The first layer of the LSTM has 300 units, 40% of which are dropped for the linear transformation of the input, and 40% of which are dropped for the linear transformation of the recurrent state. The second layer has 64 units, and 40% of units are dropped for the linear transformation of the recurrent state. Then, it runs a Dropout layer, which randomly sets 50% of input units to 0 at each update during training as a way to reduce overfitting. Lastly, it goes to a Dense layer, which is a densely-connected layer. It implements output = activation(dot(input, weights)) where activation is the element-wise ReLu activation function and weights is a weights matrix created by the layer. 

In [96]:
import os
import pandas as pd

X = pd.ExcelFile('./data/training_set_rel3.xls')
X = data.parse("training_set")
y = X['domain1_score']
X = X.dropna(axis=1)
X = X.drop(columns=['rater1_domain1', 'rater2_domain1'])

In [189]:
from keras.layers import Embedding, LSTM, Dense, Dropout, Lambda, Flatten
from keras.models import Sequential, load_model, model_from_config
import keras.backend as K

def get_model():
    model = Sequential([
        LSTM(300, dropout=0.4, recurrent_dropout=0.4, input_shape=[1, 300], return_sequences=True),
        LSTM(64, recurrent_dropout=0.4),
        Dropout(0.5),
        Dense(1, activation='relu')
    ])

    model.compile(loss='mean_squared_error', optimizer='rmsprop', metrics=['mae'])
    model.summary()

    return model

In [122]:
import numpy as np
import nltk
import re
from nltk.corpus import stopwords
from gensim.models import Word2Vec

stopwords = set(stopwords.words('english'))

def essay_to_list(essay):
    # Remove the tags
    essay = re.sub("[^a-zA-Z]", " ", essay)
    words = essay.lower().split()
    return [w for w in words if not w in stopwords]

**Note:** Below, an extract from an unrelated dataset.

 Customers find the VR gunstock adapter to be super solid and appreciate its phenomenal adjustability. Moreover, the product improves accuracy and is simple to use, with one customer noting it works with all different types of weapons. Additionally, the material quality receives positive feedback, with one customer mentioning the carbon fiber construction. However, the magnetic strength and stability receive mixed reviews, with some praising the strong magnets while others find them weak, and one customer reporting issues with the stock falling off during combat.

def essay_to_sentences(essay):
    tokenizer = nltk.data.load('tokenizers/punkt/english.pickle')
    raw_sentences = tokenizer.tokenize(essay.strip())
    sentences = []
    for raw_sentence in raw_sentences:
        if len(raw_sentence) > 0:
            sentences.append(essay_to_list(raw_sentence))
    return sentences

# Generate feature vector for the words
def get_feature_vector(words, model, num_features, vec_type="sum"):
    feature_vector = np.zeros((num_features,),dtype="float32")
    num_words = 0.
    index2word_set = set(model.wv.index2word)
    
    max_vec =  np.zeros((num_features,),dtype="float32")
    min_vec =  np.ones((num_features,),dtype="float32")

    for word in words:
        if word in index2word_set:
            num_words += 1
            max_vec = np.maximum(model[word], feature_vector)
            min_vec = np.minimum(model[word], feature_vector)
            feature_vector = np.add(feature_vector, model[word]) 
    
    # return min vector + max vector
    if vec_type == "min+max":
        return np.add(min_vec, max_vec) 
    
    # average of vectors
    elif vec_type == "average":
        return np.divide(feature_vector, num_words)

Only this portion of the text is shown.